Georgia compounding pharmacy recalls Avastin after reports of eye infections

The FDA issued a warning on a popular cancer drug that turned out to be fake. The vials labeled "Avastin," contained a liquid that was worthless. But who would sell a fake to cancer patients? Chief investigative correspondent Armen Keteyan reports.

WASHINGTON The Food and Drug Administration is warning doctors that a compounding pharmacy is recalling syringes of the Roche drug Avastin after receiving reports of eye infections among patients.

The FDA said Wednesday that Clinical Specialties of Martinez, Ga., has received five reports of eye infections from physicians who used the drug to treat macular degeneration, a common vision disorder that affects seniors.

The compounding pharmacy is recalling 40 lots of Avastin distributed to doctors' offices in Georgia, Louisiana, South Carolina and Indiana since December 18, the FDA said.

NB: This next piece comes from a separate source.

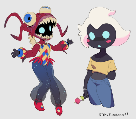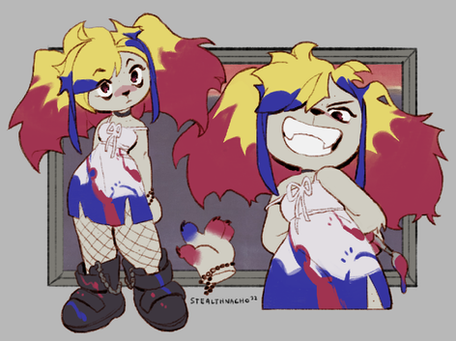 this is black rose!Β he's mostly into bubble gum pop but tolerates metal around his friends. he's mute and signs to talk (sometimes, most of the time he just gestures). black rose is also an etsy artist, witling little animals out of wood and painting them (mostly bats and bugs).this was the winner of the patreon poll for march! check out my patreon here:Β www.patreon.com/stealthnachos

Avastin is approved as a cancer drug, but it contains the same active ingredient as Lucentis, another Roche drug approved for macular degeneration. For years, compounding pharmacies have repackaged Avastin into small vials for use by eye doctors. Repackaged injections of Avastin cost about $50, compared with $2,000 for Lucentis.

Swiss drugmaker Roche has tried to discourage doctors from using Avastin for such unapproved uses. The company points out that Lucentis was specifically tested and formulated for use in the eye, and its price reflects the cost of that research and development.

However, groups like the American Academy of Ophthalmologists say there is no detectable difference in outcomes for patients. More than half the injections given for macular generation in the U.S. are Avastin, according to the group.

Age-related macular degeneration is the most common cause of blindness among older Americans, affecting about 2 million people in the U.S. over age 50. The condition causes new blood vessels to grow in the eye and leak blood and fluid, damaging the retina and distorting vision.

Compounding pharmacies, which are specialty facilities that mix doses of medication based on patient's individual prescriptions, have become more scrutinized following a 2012 outbreak of fungal meningitis and other infections that were traced back to the New England Compounding Center in Framingham, Mass.

A contaminated steroidal injection made by the NECC sickened more than 720 nationwide and caused 50 deaths.

In recent weeks the FDA has stepped up inspections of compounding pharmacies across a dozen states.

On Monday, the FDA announced a recall of drugs from a N.J. compounding pharmacy Med Prep Consulting after fungal contamination was found at a Connecticut hospital where medication had been shipped. No illnesses had been reported.